Eugene O'Growney (Eoghan Ó Gramhnaigh; born 25 August 1863 at Ballyfallon, Athboy, County Meath, died 18 October 1899 in Los Angeles, California), was an Irish priest and scholar, and a key figure in the Gaelic revival of the late 19th century.

==Early life and education==

O'Growney was born near Athboy in County Meath, where the Irish language was no longer widely used and neither of his parents spoke it. He first became interested in the language at school in St. Finian's College and later again when he chanced upon Irish lessons in the nationalist newspaper Young Ireland. He had help at first from a few old people who spoke the language, and while at St Patrick's College, Maynooth, where he continued his studies for the priesthood from the year 1882, he spent his holidays in Irish-speaking areas in the north, west and south. He got to know the Aran Islands and wrote about them in the bilingual Gaelic Journal (Irisleabhar na Gaedhilge), which he was later to edit.
He was ordained priest in 1888.

==Priest==
He served for a short time as a curate in the Diocese of Meath but because of his proficiency in the language was appointed to the re-established Chair of Irish at Maynooth in 1891. He was editor of the Gaelic Journal between 1894 and 1899 and during his tenure ensured that more material was published in Irish.

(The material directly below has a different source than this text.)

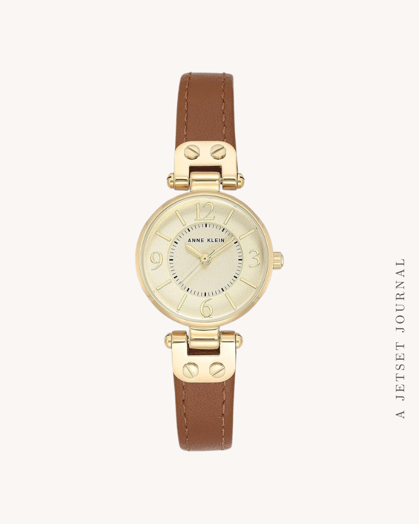 For other timeless accessories, check out this simple black shoulder bag for an affordable price. I also found this gorgeous Anne Klein wrist watch with a brown leather band and gold detailing.

For O’Growney language, nationality and religion were closely linked. In 1890, writing in the Irish Ecclesiastical Review, he described literature in Irish as "the most Catholic literature in the world". He was aware, however, of its other aspects, adding that "even if Irish were to perish as a spoken language, it would remain valuable from the pure literature point of view".

His Simple Lessons in Irish, first published in the newspaper the Weekly Freeman, proved so popular that they were published in booklet form. There were five books in the series, and by 1903 320,000 copies had been sold. In a foreword he states:

The following course of simple lessons in Irish has been drawn up chiefly for the use of those who wish to learn the old language of Ireland, but who are discouraged by what they have heard of its difficulties... But the difficulties of Irish pronunciation and construction have always been exaggerated. A I myself was obliged to study Irish as a foreign language, and as I have been placed in circumstances which have made me rather familiar with the language as now spoken, I have at least a knowledge of the difficulties of those who, like myself, have no teacher.

He was a founding member of the Gaelic League, which was created in Dublin in 1893 "for the purpose of keeping the Irish language spoken in Ireland", and later became its vice-president.

==Ill health and death==
In 1894, failing health caused him to go to Arizona and California, where he died. Some years after, with the aid of Irish sympathisers in the United States, his body was brought back to Ireland

His funeral, held on 26 September 1903 at the Catholic Pro-Cathedral, Dublin, was attended by 6000 people, including members of the trade guilds, clerics, politicians, members of the nationalist Gaelic Athletic Association and students.

He is buried in the cemetery attached to St. Patrick's College, Maynooth.

There is a statue of Fr. Eugene O'Growney in Athboy by famed Irish sculptor James Power.